Aim of the task: What you return should be every line below, word for word, and none of the images.

Given information:
----------------

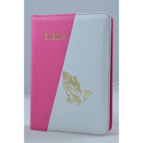 Biblia din piele, medie,roz bombon / alb, fermoar, aurita, cu maini gravate, cuv. lui Isus cu rosu [052]
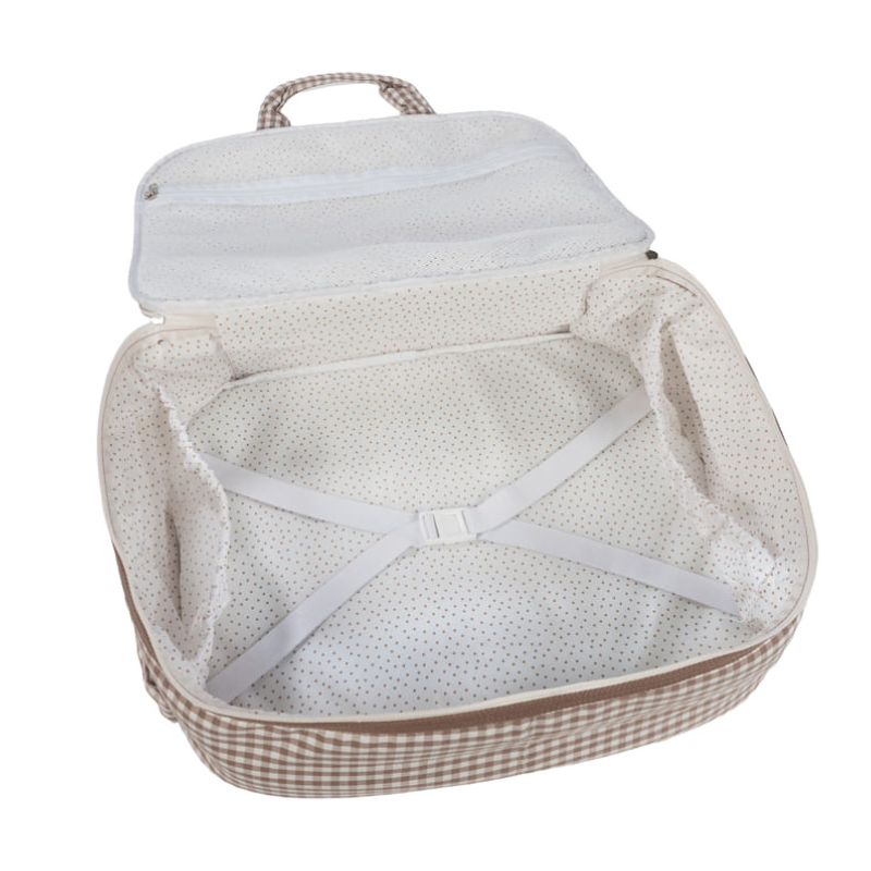 O padrão vichy em tom moka combina estilo e funcionalidade para acompanhares este momento com tudo a condizer.
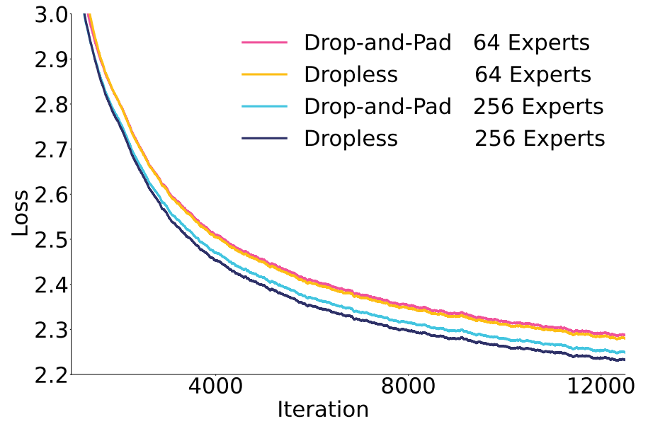 团队首先在一个20B的先导MoE上对比了不同专家总数下drop-and-pad和dropless的性能:

----------------

Reply:
 Biblia din piele, medie,roz bombon / alb, fermoar, aurita, cu maini gravate, cuv. lui Isus cu rosu [052]
 O padrão vichy em tom moka combina estilo e funcionalidade para acompanhares este momento com tudo a condizer.
 团队首先在一个20B的先导MoE上对比了不同专家总数下drop-and-pad和dropless的性能:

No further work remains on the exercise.